同世代と思われる男女が多く、集まっていた。そして大学の生徒と思しき男女も何故か、近くで見届けようとしていた。
「はぁ……」
赤石は小さなため息を吐いた。
どうしても、緊張が隠し切れない。
「大丈夫かい、後輩? 私の、揉む?」
未市が冗談交じりに、胸を張る。
「ここで俺がイエスと言えば、要さんはどうするつもりだったんですか?」
赤石は意地悪そうな顔で笑う。
「そりゃあもちろん、赤石君の気のすむまで自由にさせるさ。揉まれて減るもんでもないしね」
「魂の損失があるでしょ。
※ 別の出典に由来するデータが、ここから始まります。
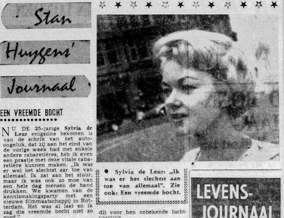 Het allereerste krantenbericht plus foto van Sylvia stamt uit 1959, toen ze d’r eerste cabaretstappen zette. Aanleiding is niet het cabaret, maar een autoongeluk. “Ik zat aan het stuur,” zegt ze in het artikel (klinkt gek eigenlijk, aan ipv achter het stuur; was dat vroeger een gewone zegswijze of is ’t haar toen nog gebrekkige Nederlands?). De auto sloeg een paar keer over de kop, de inzittenden kwamen er gelukkig met de schrik en lichte verwondingen van af. Op Sylvia na, die een shock kreeg en in het ziekenhuis opgenomen moest worden. Het komt niet veel voor dat de bestuurder er het ergst aan toe is bij een ongeluk (zeker niet in die autogordelloze tijden), in d’r boekje doet Sylvia dan ook een boekje open over deze kwestie: niet zij zat aan/achter het stuur, maar haar vriend Rob Touber. Die had geen rijbewijs dus werd besloten de schuld in haar schoenen te schuiven.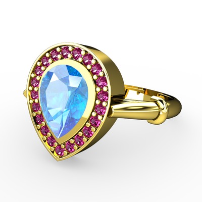 Akuamarin ve rodolit garnet 8 ayar altın yüzük
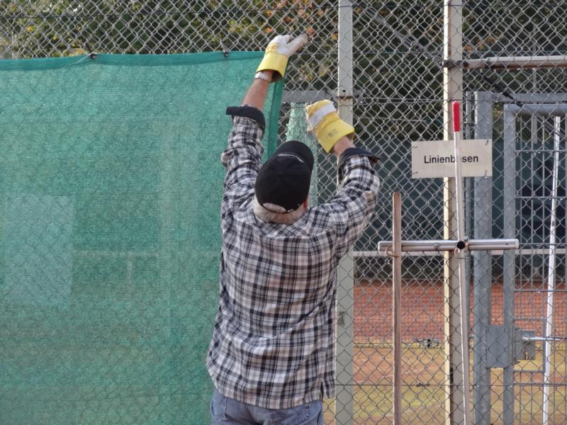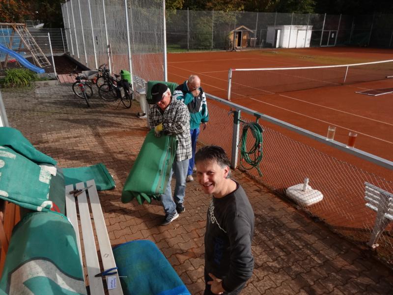 beim diesjährigen Herbstarbeitseinsatz am 18.10. wurde durch die wenigen Helferinnen und Helfer (9) in kürzester Zeit alle notwendigen Arbeiten, wie z.B. dem Abhängen der Sichtschutzplanen und Tennisnetze, Einsammeln der Platzpflegeutensilien, das Entleeren der Beregnungsanlage und der Reinigung des Kinderspielplatzes vom Laub (wie man am Ergebnis sieht) durchgeführt.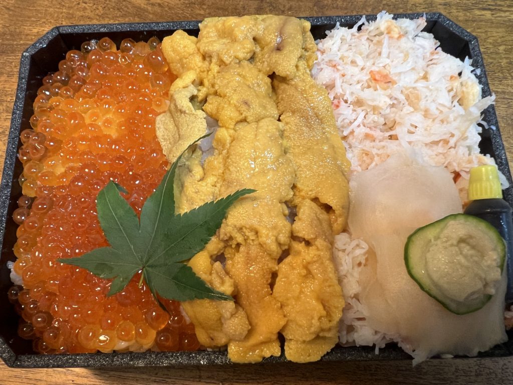 夜は帰り道にスーパーサポーレで購入したうにいくらかに丼。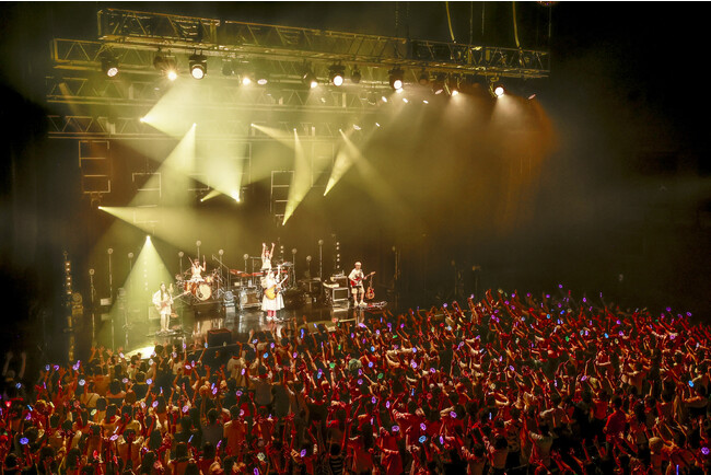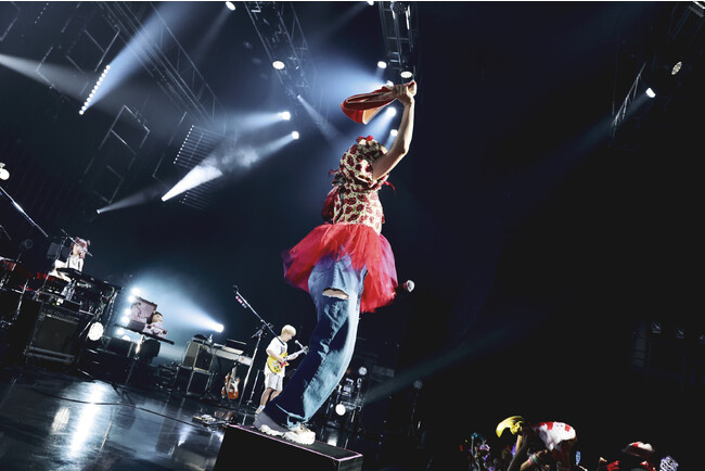 “ここからはみんなでいっぱい歌ってワイワイするコーナーなんですけど、元気余ってますか?”という呼びかけから、「死ぬこと以外かすり傷」でヒートアップ。タオルを回したり手を上げたり大合唱したりと、観客は思いのままに楽しむ。さらに“みんなまだまだ行ける? この街が大好き!トーキョー!”と煽りインディーズ時代の楽曲「トーキョー」で畳み掛け、アッパーチューン「SPARK!!」で盛り上がりは最高潮に。「真っ赤な爪と牛乳」では、観客のペンライトでフロアが赤く染まった。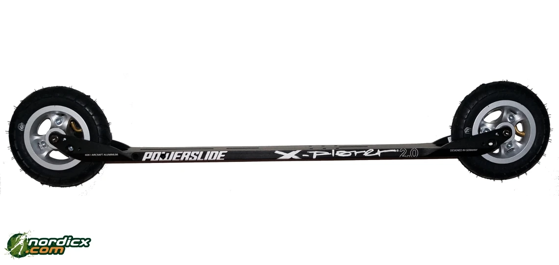 aluminum frame is very similar to an xc-ski. For us, the Powerslide X-Plorer is the most stable and xc-ski-like rollerski on market, of all 150mm rollerskis. You like to ski Off-road and On-road? – For both skiers nordicx.com also recommends the 100mm training rubber wheels. You simply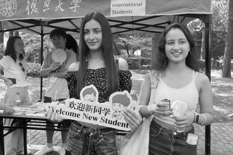 来自巴基斯坦的宁月是一名留学生,她于2021年来到复旦大学,开启5年制的医学专业学习。比她小3岁的妹妹宁雪在姐姐不断安利下,今年也正式成为复旦新生,将投身国际政治专业的学习。
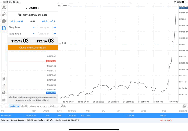 การฝากเงินเข้าไปทำการซื้อขายจริง การลงทุน lot สูงๆ นักลงทุนอาจขาดทุนเงินหมดบัญชีเทรดในช่วงพริบตา ไม่ควรลงทุนเกิน 10 % ของเงินทุน Balance การลงทุนมีความเสี่ยงสูงอาจขาดทุนเงินหมดบัญชี

相変わらず軽口がお好きですね」
未市の軽口が入って来ない。
それほどに赤石は緊張しきっていた。
「受験番号は?」
「一四一六」
「そっか」
未市は赤石の受験票を覗き込む。
「語呂合わせで、一生一浪だね」
「なんて縁起でもないこと言ってるんですか」
未市はからからと笑う。
そんな雑談をしているうちに、合格発表が掲載されているであろう掲示板がガラガラと運ばれて来た。
白い布が被さっており、何も見えない。
「ついに……」
「ついに」
赤石たちに一層の緊張が訪れる。
「はぁ……」
赤石は再三にわたるため息を吐いた。
今ここで、赤石の今後一年の動向が決まる。
「……」
「……」
自然、赤石と未市の間の会話も減る。
「……」
受験結果発表の予定時刻、十五時となった。
しきりに腕時計を気にしていた妙齢の女性が、声をあげた。
「ただいまより、北秀院大学前期試験の受験結果を、張り出します」
そう言うや否や、白い布が取り払われた。
「きた……」
「きた」
掲示板の前には、多数の学生がいる。
人が多く、掲示板に書かれている内容がよく見えない。
掲示板の前で群がっている多数の学徒たちがざわざわとひしめく。
「……」
「……」
数秒の時間を置いて、
「やったーーーーーーーーーーーーーーーー!」
合格したであろう誰かの叫び声が、その場に響いた。
「あった、あったーーーーーー!」
すぐ後に、女が泣き崩れる。
早々に合格を決めた女は涙を拭った。
つられるようにして、続々と学徒たちの喜びの声が聞こえてくる。
悲喜交々、同時に涙を流す生徒も出てくる。
受かって泣いているのか、落ちて泣いているのかは判断がつかなかった。
「合格、おめでとうーーーーー!」
合格の雄叫び第一声を上げた男子学生の下に、ラグビー部と思しき男たちが大量にやって来た。
「「「わーっしょい! わーっしょい!」」」
ラガーマンたちは学生を胴上げする。
「……」
すごい状況だな、などと益体もないことを思う暇もなく、赤石は掲示板から自身の受験番号を探す。
「一四一六、一四一六……」
赤石は一四〇〇番台を見つけた。
「一四〇二、一四〇三、一四〇六、一四〇九、一四一一、一四一三――」
読み上げて、いく。
「……」
赤石は掲示板の前で、固まった。